Jules Barey* avait été grièvement blessé pendant la campagne de 1939-40 et hospitalisé pendant cinq mois. A sa sortie d’hôpital, il devint inspecteur de police.
Son ami Raymond Mascarrello* est employé comme auxiliaire au service du ravitaillement de la mairie d’Antibes et, responsable de la distribution de titres de rationnement, il avait ainsi accès à tous les tampons officiels.
Tous deux, résistants de la première heure, appartenaient au réseau « Rochat ». Ils travaillaient conjointement à l’établissement de nombreuses fausses cartes d’identité et de titres de ravitaillement destinés à sauver de nombreux juifs traqués.
Monsieur Gidali, Monsieur Gribinsky et Monsieur Fred, tous Juifs, ont bénéficié de leur aide. Monsieur Marx se fit pratiquer une opération de chirurgie esthétique pour cacher un nez trop marqué. Raymond Mascarrello* lui procura une nouvelle carte d’identité avec sa nouvelle photo. Ils avertissaient des Juifs menacés des rafles imminentes, rendaient des services similaires pour protéger des réfractaires du STO et des résistants. Raymond Mascarrello*, lui-même requis pour le STO, plongea dans la clandestinité en mars 1944 et partit rejoindre le maquis. Auparavant, il avait fourni des renseignements et des plans du réseau téléphonique de la ville au réseau « Buckmaster », en vue d’un débarquement allié. Ils mirent aussi à l’abri des armes compromettantes destinées à la Résistance.

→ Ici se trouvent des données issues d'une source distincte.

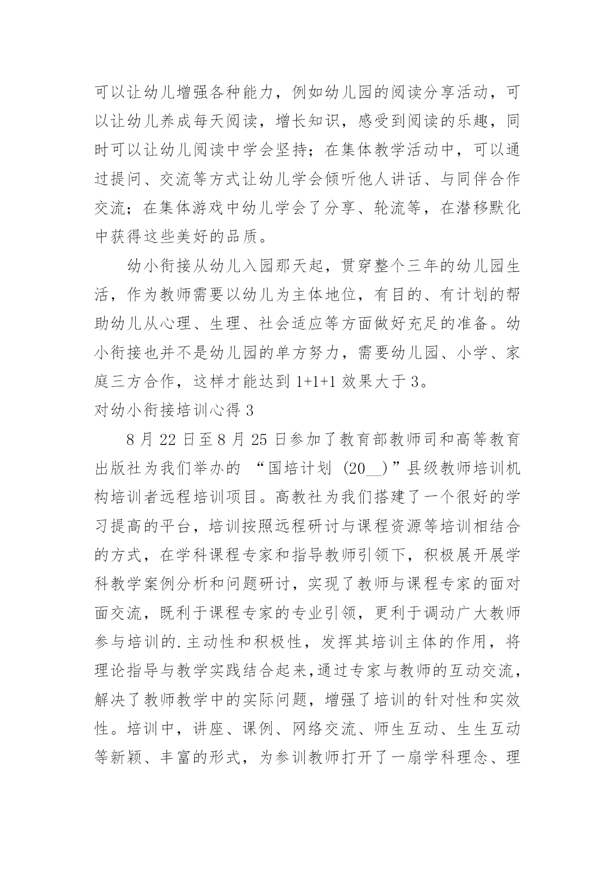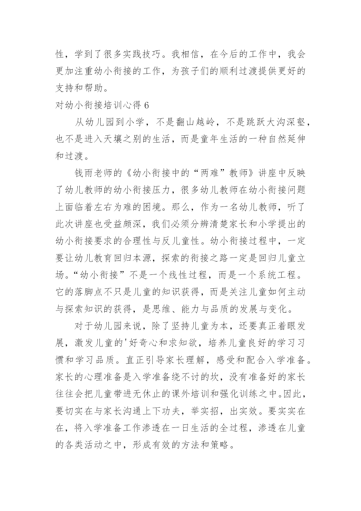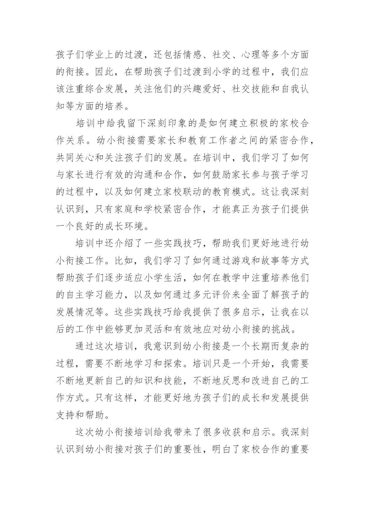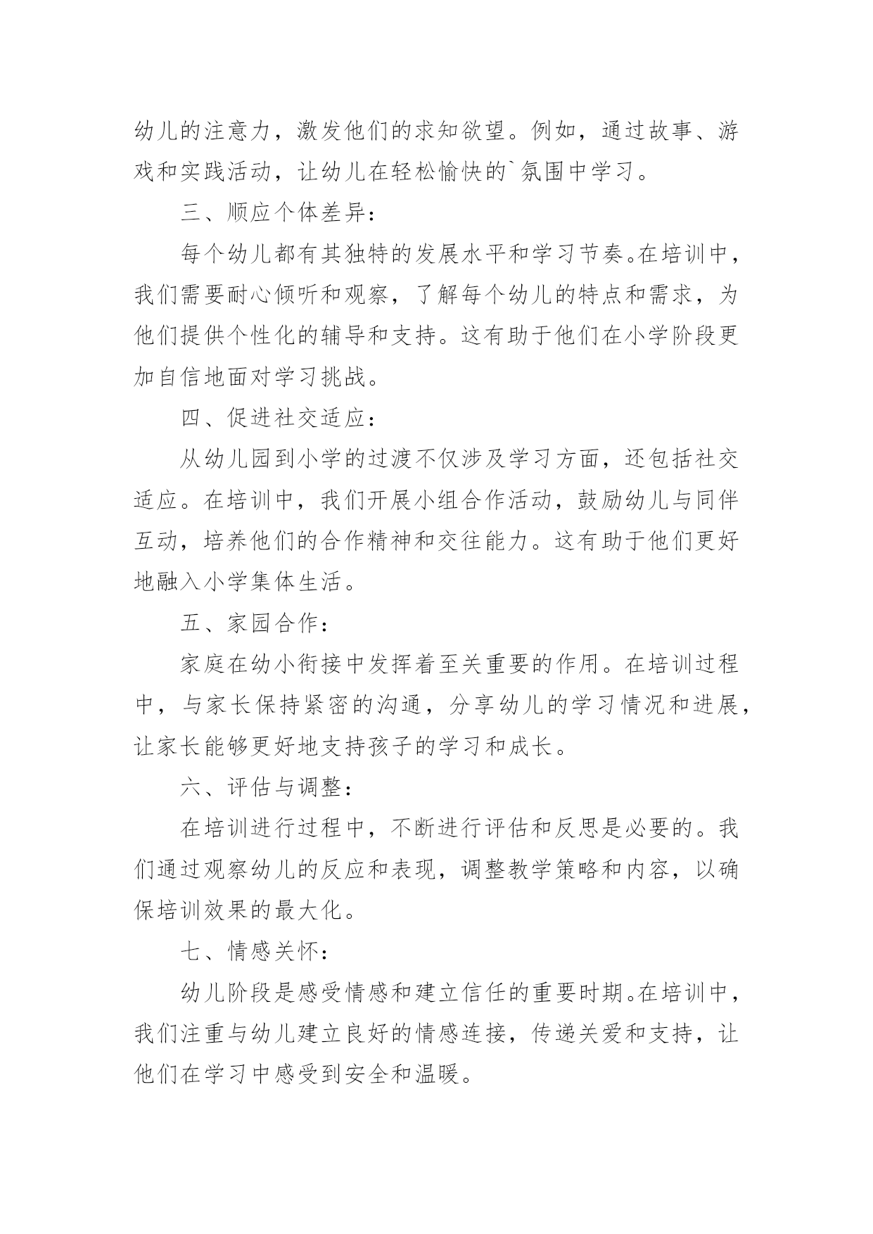 对幼小衔接培训心得对幼小衔接培训心得有了一些收获以后,常常可以将它们写成一篇心得体会,这样就可以通过不断总结,丰富我们的思想。是不是无从下笔、没有头绪?下面是小编为大家收集的对幼小衔接培训心得,仅供参考,希望能够帮助到大家。对幼小衔接培训心得1引言:幼小衔接教育作为教育体制中的重要环节,旨在为孩子顺利过渡到小学阶段提供支持与指导。笔者在参与幼小衔接培训过程中,深刻感受到了其重要性与影响力。在这篇文章中,将详细阐述我在幼小衔接培训中所获得的经验和心得体会。一、了解幼儿成长特点:在幼小衔接培训中,我首先认识到了幼儿与小学生在身体、认知、社交等方面的差异。幼儿时期,孩子的注意力短暂,需要通过游戏和互动学习。因此,我们在培训中注重活动的趣味性和互动性,以保持幼儿的积极参与。二、培养学习兴趣:在培训中,我了解到激发幼儿的学习兴趣至关重要。通过丰富多彩的教学内容和趣味性的教学方法,我们能够吸引幼儿的注意力,激发他们的求知欲望。例如,通过故事、游戏和实践活动,让幼儿在轻松愉快的`氛围中学习。三、顺应个体差异:每个幼儿都有其独特的发展水平和学习节奏。在培训中,我们需要耐心倾听和观察,了解每个幼儿的特点和需求,为他们提供个性化的辅导和支持。这有助于他们在小学阶段更加自信地面对学习挑战。四、促进社交适应:从幼儿园到小学的过渡不仅涉及学习方面,还包括社交适应。在培训中,我们开展小组合作活动,鼓励幼儿与同伴互动,培养他们的合作精神和交往能力。这有助于他们更好地融入小学集体生活。五、家园合作:家庭在幼小衔接中发挥着至关重要的作用。在培训过程中,与家长保持紧密的沟通,分享幼儿的学习情况和进展,让家长能够更好地支持孩子的学习和成长。六、评估与调整:在培训进行过程中,不断进行评估和反思是必要的。我们通过观察幼儿的反应和表现,调整教学策略和内容,以确保培训效果的最大化。七、情感关怀:幼儿阶段是感受情感和建立信任的重要时期。在培训中,我们注重与幼儿建立良好的情感连接,传递关爱和支持,让他们在学习中感受到安全和温暖。八、持续学习与更新:教育领域不断发展变化,我们需要不断学习更新知识和教学方法。通过参加教育研讨会、交流活动,我们能够获取更多的教育资源和经验,不断提升自己的教育专业素养。结语:在幼小衔接培训中,我体会到了教育的美好和挑战。通过了解幼儿的特点,培养学习兴趣,顺应个体差异,促进社交适应,家园合作,评估与调整,情感关怀,持续学习与更新等方面的经验,我更加坚信,为孩子提供一个良好的幼小衔接环境,能够为他们的成长奠定坚实的基础,让他们在未来的学习生涯中更加出色。对幼小衔接培训心得2幼小衔接就是幼儿园教育与小学教育衔接,也是幼儿在其发展过程中所面临的一个重大的转折期,如果处理不好,就会对幼儿今后的发展带来不利的影响,其核心就是这年龄段幼儿的怎样有效的从思维方式、学习习惯、社会技能等方面适应小学生活,顺利实现幼小衔接。近期国家密集出台了一系列有关教育的政策文件,如双减、幼小衔接以及家庭教育促进法等,旨在以高质量发展为基础教育阶段的目标追求,努力重构基础教育的新生态,在全社会营造一种尊重儿童、保卫儿童的良好氛围,从而促进每一个儿童身心健康成长,还儿童一个幸福快乐的童年。提到幼小衔接大部分人理解的是学习文化知识,包括拼音、算数、古诗等,但其实幼小衔接教育从幼儿入园那天起,就已经开始进行。由于幼儿园教育和小学教育的性质不同,幼小衔接不光是知识量的增加,更重要的是激发幼儿对小学的向往,提高幼儿对小学的适应能力。作为幼儿园教育的实践者,通过讲座我想谈一谈我的体会。一、幼儿园教育方式以游戏为基本活动,保育结合让幼儿在直直接感知、实际操作、亲身体验中学习各类经验,虞永平教授说过:让幼儿动用各种感官,去探索、交往和表达让幼儿在活动中经验得到延伸、扩展。而小学教育注重知识的传授,课堂游戏性不够,这就使幼儿容易失去耐心,注意力分散。这就需要幼儿园教师逐渐向小学教育靠拢,根据幼儿的年龄特点,逐渐增加集体活动的时间,由小班的10-15分钟逐渐增加到大班的25-30分钟,同时通过游戏、手工等活动逐渐延长幼儿注意力的时间。二、幼小衔接可以说是无时无刻不再为幼儿进入小学做准备进入小学,幼儿需要生活上、学习上都养成良好的习惯养成、自我服务,人际交往、快速融入集体生活等。这就需要幼儿园教育培养幼儿的自我服务能力,包括根据天气增减衣物、整理自己的学习用品、书包,处理和同学的关系,遵守集体生活规则、建立集体荣誉感,养成合作、分享、谦让等良好社会品质,这些好的'习惯有助于幼儿快速适应小学生活。三、培养孩子的学习能力虽然幼儿园的教育方式以游戏为主,但是通过各种游戏可以让幼儿增强各种能力,例如幼儿园的阅读分享活动,可以让幼儿养成每天阅读,增长知识,感受到阅读的乐趣,同时可以让幼儿阅读中学会坚持;在集体教学

En 1943, sollicitée par des Juifs vivant à Antibes, amis de longue date de ses parents, Jacqueline Thiercelin*, secrétaire de mairie de Châteauneuf sur Loire (Loiret), remania l’identité et l’âge d’Armand Slisonsky, requis alors par le STO. Ce fut ensuite le tour des parents de ce dernier, Robert et Henriette Slisonsky, contraints de fuir Antibes à la fin du mois d’octobre 1943 (voir Puget, Emile et Valentine) pour se soustraire aux poursuites de la Milice. Jacqueline vivait chez ses parents, de même que son frère Robert Thiercelin, très engagé dans la Résistance active. Elle y accueillit Armand Slisonsky avec la même générosité qu’elle mettait à délivrer de fausses pièces d’état-civil, sans contrepartie. Mais, au printemps de 1944, la Gestapo opéra une descente chez les Thiercelin, où elle parvint à capturer Robert, qui fut rapidement déporté au camp de Dora. Heureusement le jeune résistant survécut au régime infernal de ce camp, et il réussit une évasion d’une incroyable audace en avril 1945.